• [Task prompt]: Should an entry include a picture, omit the picture and still repeat everything else exactly.

• [Data provided]:

++++++++++

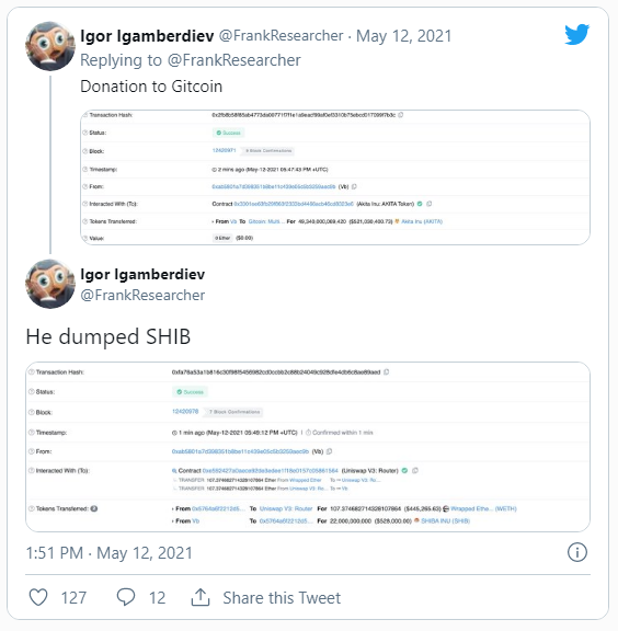 Además de SHIB, Buterin se deshizo de los tokens AKITA, otro de los muchos tokens memes que recibió por sorpresa en las últimas semanas.
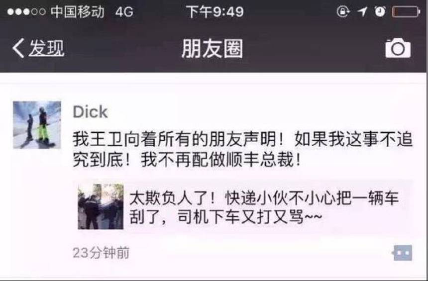 9、王衛很關心一線員工。去(2016)年4月,順豐快遞員與一輛京牌轎車發生剮蹭被打耳光的影片在網上熱傳,王衛在其朋友圈發表聲明,稱『如果這事不追究到底!我不再配做順豐總裁!』今年1月,在順豐年會上,王衛提及一張順豐員工在大雪中吃便當的照片,當場飆淚。王衛表示,每一個快遞員都是順豐這個大家庭的孩子,為什麼我們的孩子會冒著雪吃便當?覺得很對不起大家!
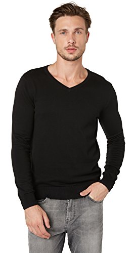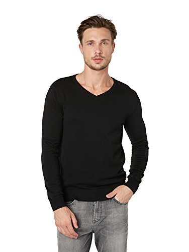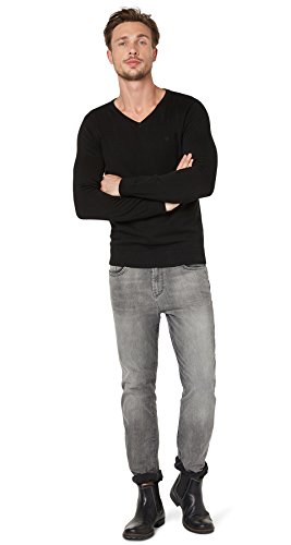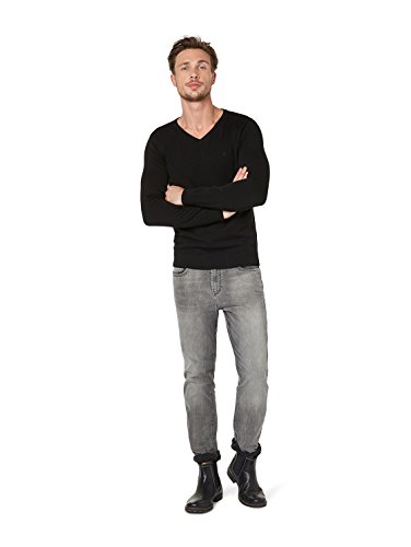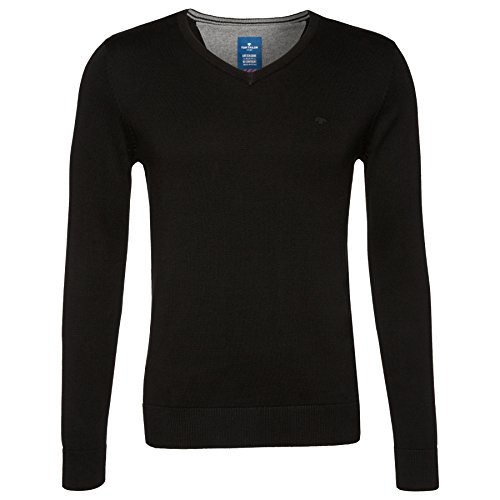 TOM TAILOR Herren Pullover Basic V-Neck Sweater, Blau (Rock Oil Blue Melange 6047), M
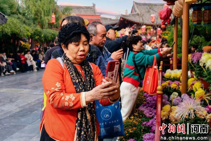 图为绽放的菊花吸引老年游客驻足拍摄。张志恒 摄
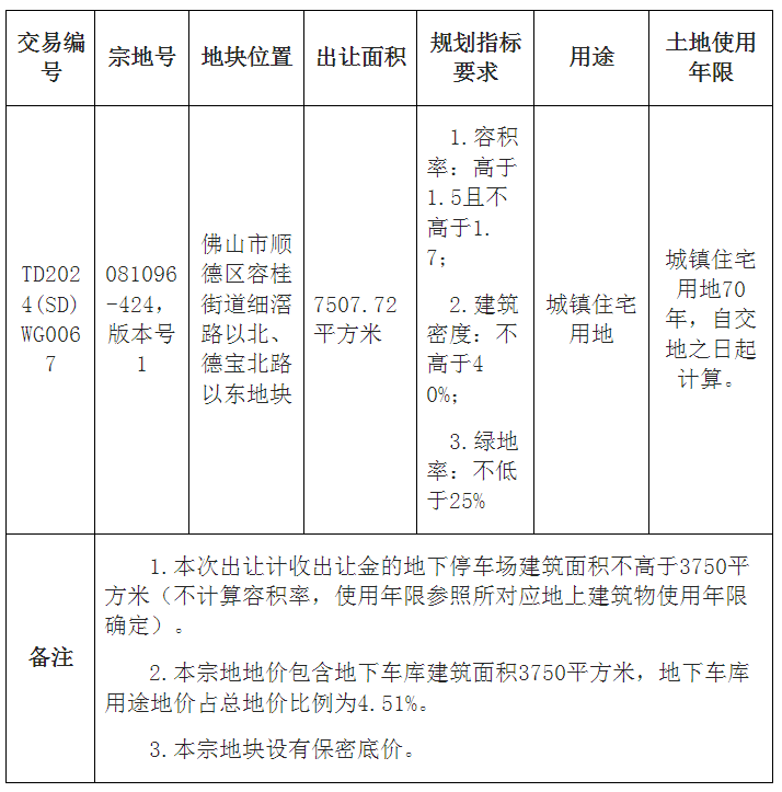 十一、自本次公告起至网上挂牌截止期间,如有关于本地块网上挂牌文件的修改、澄清、说明等将通过网上交易系统、佛山市顺德区公共资源交易中心网站发布,请有意参与竞买者密切留意。其它未尽事宜,详见该地块的交易文件。
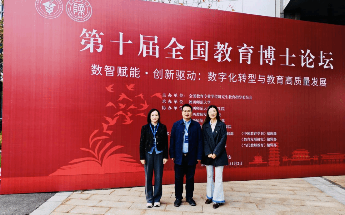 2025年10月31日至11月2日,以“数智赋能・创新驱动:数字化转型与教育高质量发展”为主题的第十届全国教育博士论坛在陕西师范大学长安校区举办。河南大学教育学部副部长、教师教育学院院长郝兆杰受邀担任分论坛点评专家,教师王晓芳、教育博士生左咏梅代表参会。
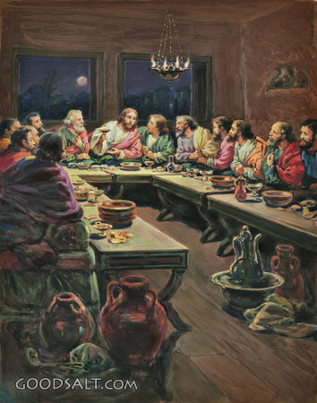 Last Supper Matthew 26:26-29 Mark 14:22-25 Luke 22:17-20 1 Corinthians 11:23-26 week, Jesus, testament, new, bread, wine, easter, passion, supper, disciples, Shares, Blesses, William Fredericks, 01655 PROJECTION - License for PowerPoint™ PRINT – buy a print of this picture; optional frame Bible Hub |
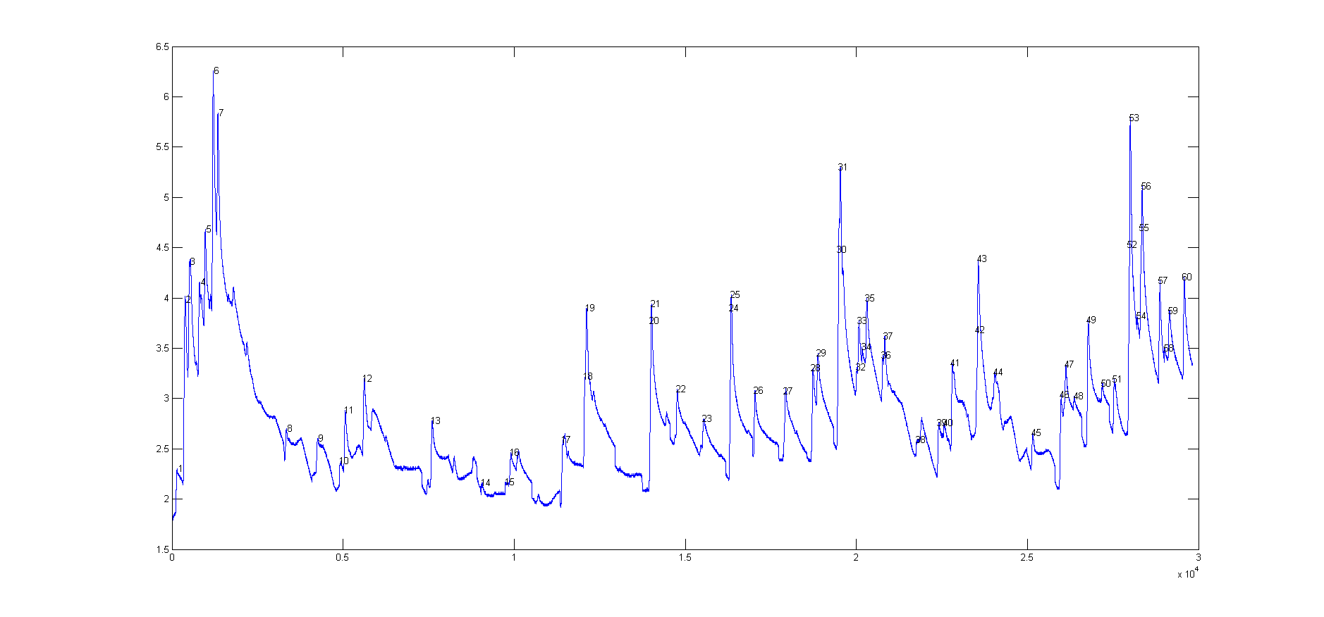 spreadsheet peak finder to the Matlab/Octave equivalent, we can
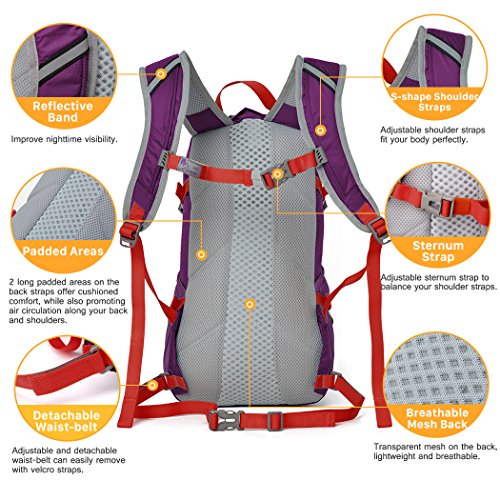 -. Feature : MATERIAL- Polyester ,Water-resistant Polyester as the fabric do not allow water to easily penetrate. / CAPACITY- 15L (915 cube inches).Hydration bcakpack for cycling, hiking, running, biking, climbing etc. Lightweight and breathable pack perfect for your bicycle or day-hike adventures. / HYDRATION SYSTEM COMPATIBLE- Internal hydration bladder's compartment and on the top for the water tube outlet . Big engugh for 2 liters hydration bladder. (Hydration bladder not included). / BEARING SYSTEM- 2 long Padded Areas on the back straps offer cushioned comfort, while also promoting air circulation along your back and shoulders. S-shape adjustable shoulder straps fit your body perfectly. / DETACHABLE WAIST-BELT- Adjustable and detachable waist-belt can easily remove with velcro straps
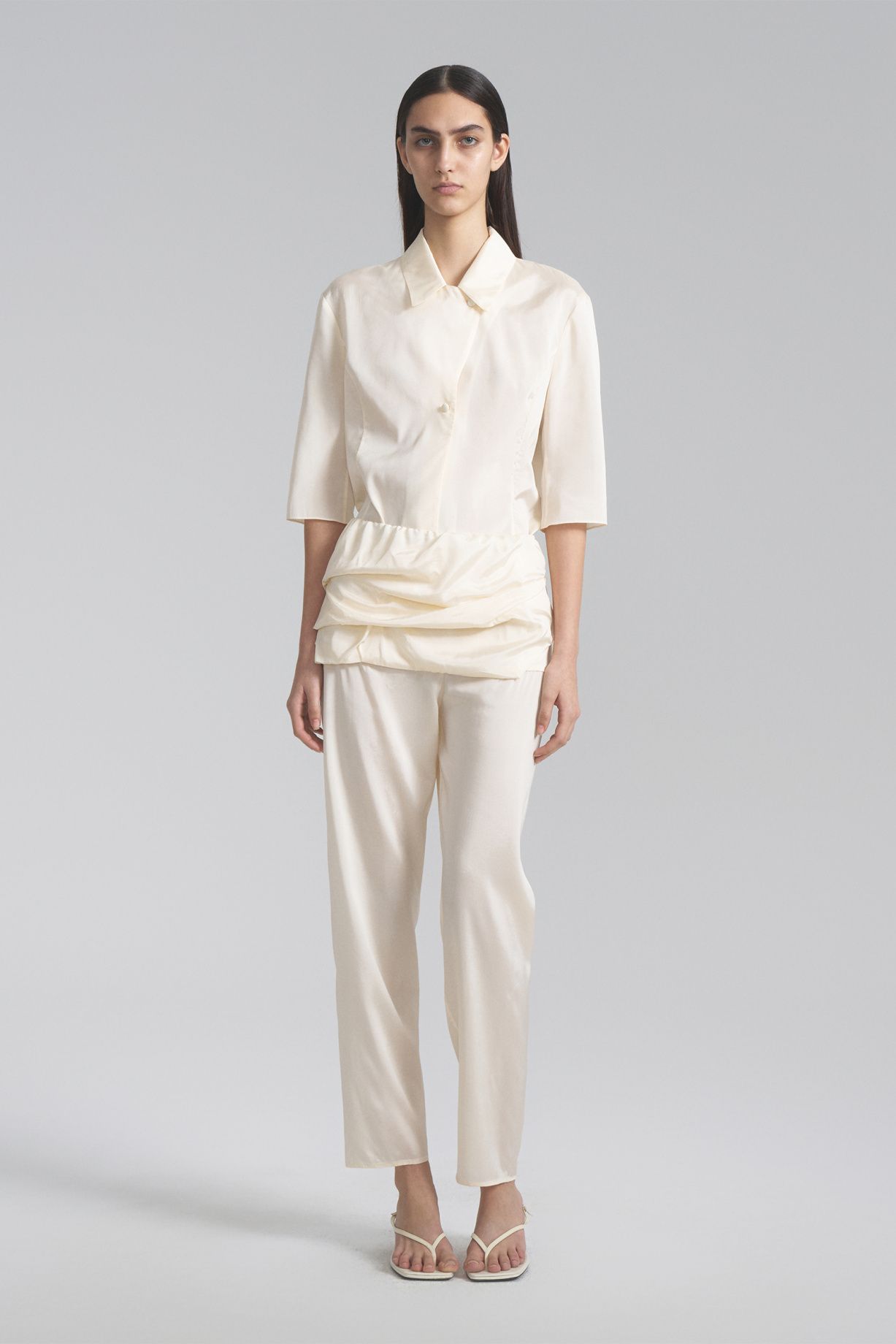 Приталенная блуза-жакет с укороченным рукавом. Сложнокройные легкие брюки, с декоративной имитацией юбки-мини, оформленной ассиметричными складками.Состав: 100% шелк
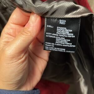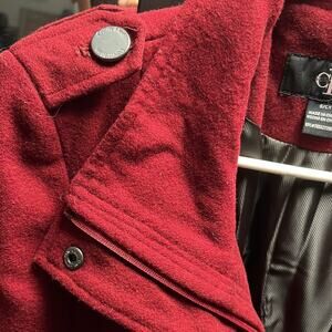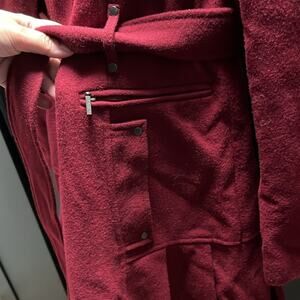 Reddish maroon CK jacket size small, nice lining on the inside, heavy and warm, button up with zipper and snap buttons and belt, 4 pockets, 2 that zipper. In excellent condition, comes from pet free/smoke free home
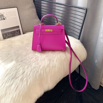 二代凱莉包女包高級感玫紅色包包女斜挎包手提迷你mini真皮凱莉包
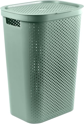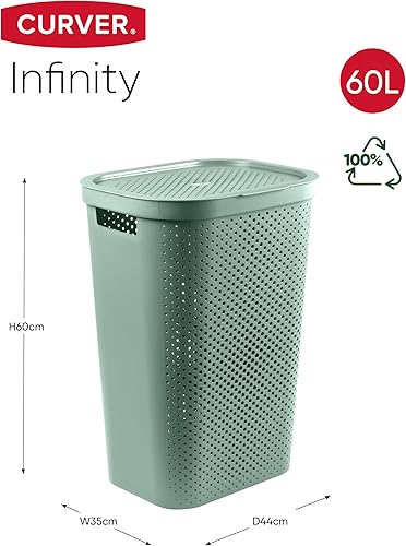 CURVER Coffre à Linge Infinity 60L - Bac à Linge avec couvercle et aération - Poignées Ergonomiques - Pour Salle de Bain ou Buanderie - 70% recyclé - 43,7 x 35,1 x 60,2 cm - Nouveau Vert
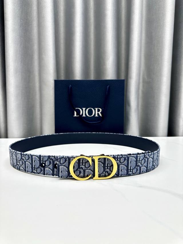 宽度3.5Cm Dior 这款 35 毫米双面腰带兼具典雅气质与摩登风范。双面设计,采用 Oblique 印花面料和牛皮革精心制作,一面为蓝色Oblique印花面料,另一面为粒面牛皮、可搭配各式35毫米腰带不锈钢扣,打造富有个性特色的单品,时尚百搭。 DDD
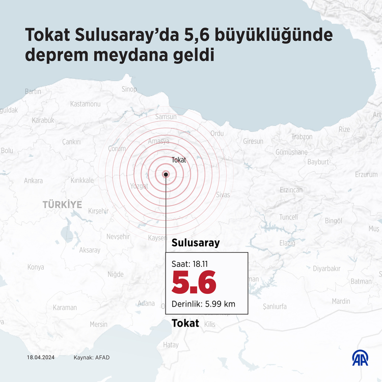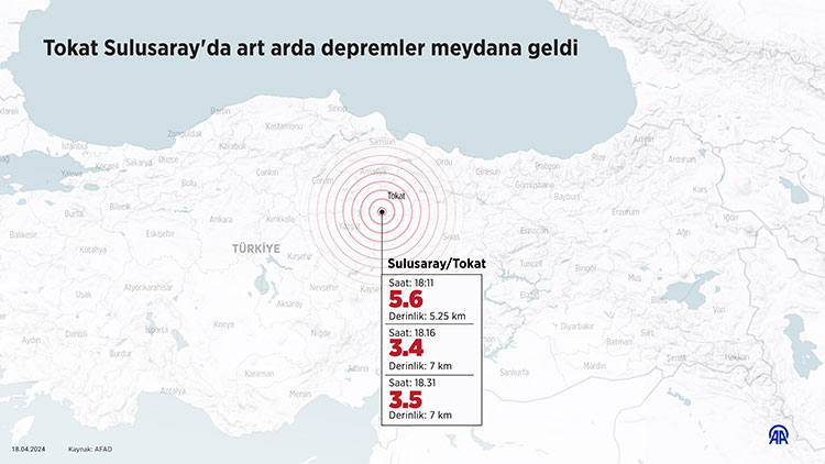 AFAD'dan yapılan açıklamada, saat 18.11'de Tokat'ın Sulusaray ilçesinde 5,6 büyüklüğünde deprem meydana geldiği anımsatıldı.
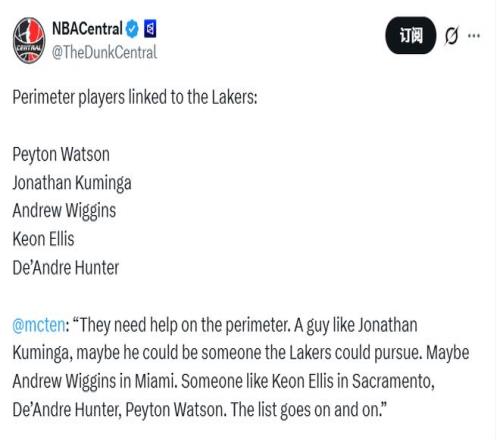 “湖人的外線急需補強。像喬納森-庫明加這樣的球員,或許會是球隊的追逐目標。還有可能是在邁阿密效力的安德魯-維金斯。另外,薩克拉門托的基翁-埃利斯,以及德安德烈-亨特、佩頓-沃特森等人也在備選之列。這份潛在引援名單還有很長?!?/p>
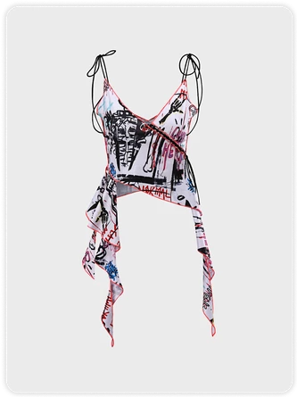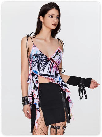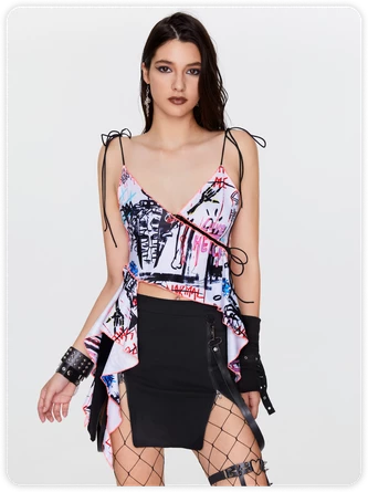 Be the first to review “Kollyy Punk White Lace Up Graffiti Asymmetrical Design Halloween Top” Cancel reply
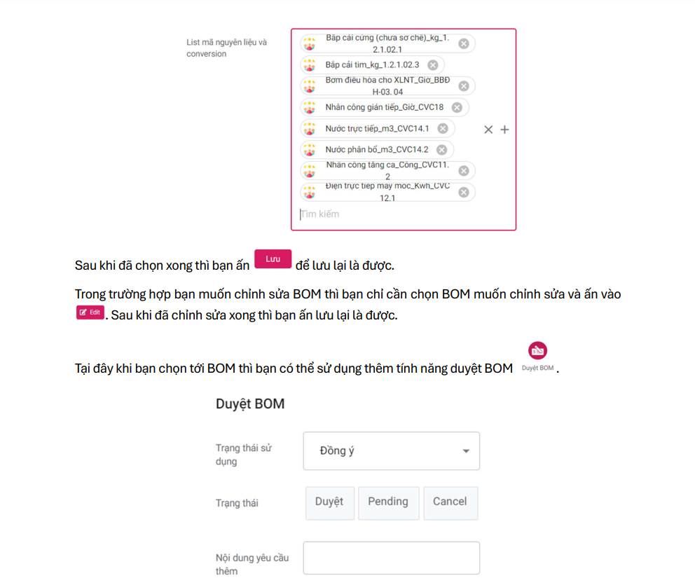 🔗 Khai báo định mức nguyên liệu cho từng công đoạn, sản phẩm hay đơn hàng. Có thể khai báo BOM nhiều cấp và khai báo các nguyên liệu thay thế trong BOM.
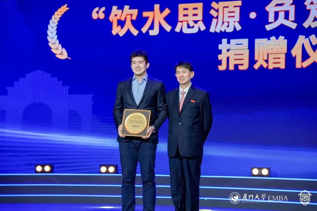 2002年厦门大学EMBA首届招生,感谢2002级校友对厦E品牌的认可、信任和支持,他们是敢吃螃蟹的人,他们是时代的开创先锋。厦门大学管理学院党委书记邱七星博士为班级代表颁奖。
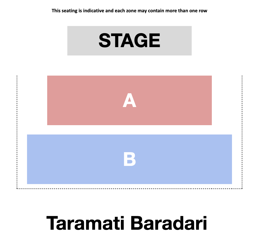The venue is an outdoor amphitheatre with a view of the historical Taramati Baradari sarai, completed in the 19th century.

++++++++++

• [Response to this task]:
 Además de SHIB, Buterin se deshizo de los tokens AKITA, otro de los muchos tokens memes que recibió por sorpresa en las últimas semanas.
 9、王衛很關心一線員工。去(2016)年4月,順豐快遞員與一輛京牌轎車發生剮蹭被打耳光的影片在網上熱傳,王衛在其朋友圈發表聲明,稱『如果這事不追究到底!我不再配做順豐總裁!』今年1月,在順豐年會上,王衛提及一張順豐員工在大雪中吃便當的照片,當場飆淚。王衛表示,每一個快遞員都是順豐這個大家庭的孩子,為什麼我們的孩子會冒著雪吃便當?覺得很對不起大家!
 TOM TAILOR Herren Pullover Basic V-Neck Sweater, Blau (Rock Oil Blue Melange 6047), M
 图为绽放的菊花吸引老年游客驻足拍摄。张志恒 摄
 十一、自本次公告起至网上挂牌截止期间,如有关于本地块网上挂牌文件的修改、澄清、说明等将通过网上交易系统、佛山市顺德区公共资源交易中心网站发布,请有意参与竞买者密切留意。其它未尽事宜,详见该地块的交易文件。
 2025年10月31日至11月2日,以“数智赋能・创新驱动:数字化转型与教育高质量发展”为主题的第十届全国教育博士论坛在陕西师范大学长安校区举办。河南大学教育学部副部长、教师教育学院院长郝兆杰受邀担任分论坛点评专家,教师王晓芳、教育博士生左咏梅代表参会。
 Last Supper Matthew 26:26-29 Mark 14:22-25 Luke 22:17-20 1 Corinthians 11:23-26 week, Jesus, testament, new, bread, wine, easter, passion, supper, disciples, Shares, Blesses, William Fredericks, 01655 PROJECTION - License for PowerPoint™ PRINT – buy a print of this picture; optional frame Bible Hub |
 spreadsheet peak finder to the Matlab/Octave equivalent, we can
 -. Feature : MATERIAL- Polyester ,Water-resistant Polyester as the fabric do not allow water to easily penetrate. / CAPACITY- 15L (915 cube inches).Hydration bcakpack for cycling, hiking, running, biking, climbing etc. Lightweight and breathable pack perfect for your bicycle or day-hike adventures. / HYDRATION SYSTEM COMPATIBLE- Internal hydration bladder's compartment and on the top for the water tube outlet . Big engugh for 2 liters hydration bladder. (Hydration bladder not included). / BEARING SYSTEM- 2 long Padded Areas on the back straps offer cushioned comfort, while also promoting air circulation along your back and shoulders. S-shape adjustable shoulder straps fit your body perfectly. / DETACHABLE WAIST-BELT- Adjustable and detachable waist-belt can easily remove with velcro straps
 Приталенная блуза-жакет с укороченным рукавом. Сложнокройные легкие брюки, с декоративной имитацией юбки-мини, оформленной ассиметричными складками.Состав: 100% шелк
 Reddish maroon CK jacket size small, nice lining on the inside, heavy and warm, button up with zipper and snap buttons and belt, 4 pockets, 2 that zipper. In excellent condition, comes from pet free/smoke free home
 二代凱莉包女包高級感玫紅色包包女斜挎包手提迷你mini真皮凱莉包
 CURVER Coffre à Linge Infinity 60L - Bac à Linge avec couvercle et aération - Poignées Ergonomiques - Pour Salle de Bain ou Buanderie - 70% recyclé - 43,7 x 35,1 x 60,2 cm - Nouveau Vert
 宽度3.5Cm Dior 这款 35 毫米双面腰带兼具典雅气质与摩登风范。双面设计,采用 Oblique 印花面料和牛皮革精心制作,一面为蓝色Oblique印花面料,另一面为粒面牛皮、可搭配各式35毫米腰带不锈钢扣,打造富有个性特色的单品,时尚百搭。 DDD
 AFAD'dan yapılan açıklamada, saat 18.11'de Tokat'ın Sulusaray ilçesinde 5,6 büyüklüğünde deprem meydana geldiği anımsatıldı.
 “湖人的外線急需補強。像喬納森-庫明加這樣的球員,或許會是球隊的追逐目標。還有可能是在邁阿密效力的安德魯-維金斯。另外,薩克拉門托的基翁-埃利斯,以及德安德烈-亨特、佩頓-沃特森等人也在備選之列。這份潛在引援名單還有很長?!?/p>
 Be the first to review “Kollyy Punk White Lace Up Graffiti Asymmetrical Design Halloween Top” Cancel reply
 🔗 Khai báo định mức nguyên liệu cho từng công đoạn, sản phẩm hay đơn hàng. Có thể khai báo BOM nhiều cấp và khai báo các nguyên liệu thay thế trong BOM.
 2002年厦门大学EMBA首届招生,感谢2002级校友对厦E品牌的认可、信任和支持,他们是敢吃螃蟹的人,他们是时代的开创先锋。厦门大学管理学院党委书记邱七星博士为班级代表颁奖。
The venue is an outdoor amphitheatre with a view of the historical Taramati Baradari sarai, completed in the 19th century.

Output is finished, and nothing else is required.